Bull. You made explicit assertions:
Instead, he's a popularizer for Zombie Reaganism and mindless platitudes. Popularizers are only as good as the ideas they promote, and he promotes bad, useless ideas!
Then you tried to shift the burden of proof to me. Whether you're lying now because you forget so quickly what you claimed just last page, or because you're deliberately being deceitful, I don't much care at this point, you're clearly not arguing in good faith.
First, projection much? This entire attitude of "educate yourself" is the sort of arrogance I get enough of on the Left. I don't need it from a right-winger. And your comment on how I should "learn to understand how other people think" is a bit hypocritical coming from the guy who couldn't understand what I was saying earlier. Perhaps we should both take your advice.
Second, these are not interesting observations. These are observations that anyone who doesn't outsource their thinking to liberal journalists has picked up on.
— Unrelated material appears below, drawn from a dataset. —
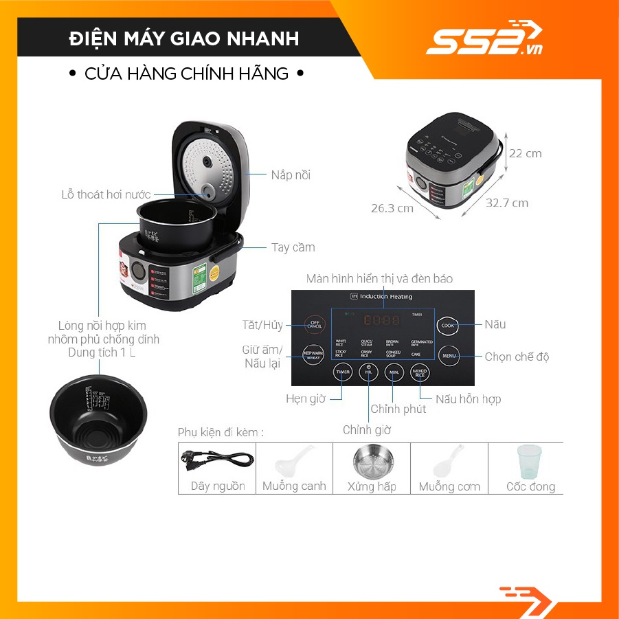 - Nồi có nhiều công dụng như white rice (nấu cơm), sticky rice (xôi), quick/steam (nấu nhanh/ hấp), crispy rice (nấu cơm cháy), brown rice (gạo lứt), congee/soup (nấu cháo/súp), germinated rice (gạo mầm), cake (làm bánh), mixed rice (cơm trộn).

You say these are not interesting observations. You say 'anyoe who doesn't outsource their thinking to liberal journalists has picked up on.'
This is exactly the kind of low-energy lack of thinking I expected, and why I didn't want to waste my time.
You say this
now. You say this after Limbaugh, then more talk radio, then Fox News, then Breitbart, have broken the media monopoly. You ignore the fact that I said he was the one who
popularized understanding of these things to the American Public.
You show your ignorance of what the media environment was like before Limbaugh made his entrance. You are standing on the shoulders of work that people like
him accomplished, after what he has accomplished has become wide-spread knowledge, and sneering at him for
that very accomplishment, because you, living now,
take that accomplishment for granted.
I suppose the part where the RINOs are "more interested in being part of the social elite than actually voting for principles in the legislature" is beginning to hit on something, but it comes across as sort of common populist rhetoric. No analysis of why the social elite are liberal, no analysis of where conservatives fit into the power dynamic, etc.
And here,
just as I expected from you, you are dismissive because I didn't lay out the detailed position and argument, when I
explicitly say that I'm giving quick points rather than a philosphy essay.
I am
finished with this. You are not engaging in good faith here, and I'm not wasting my time on this any longer.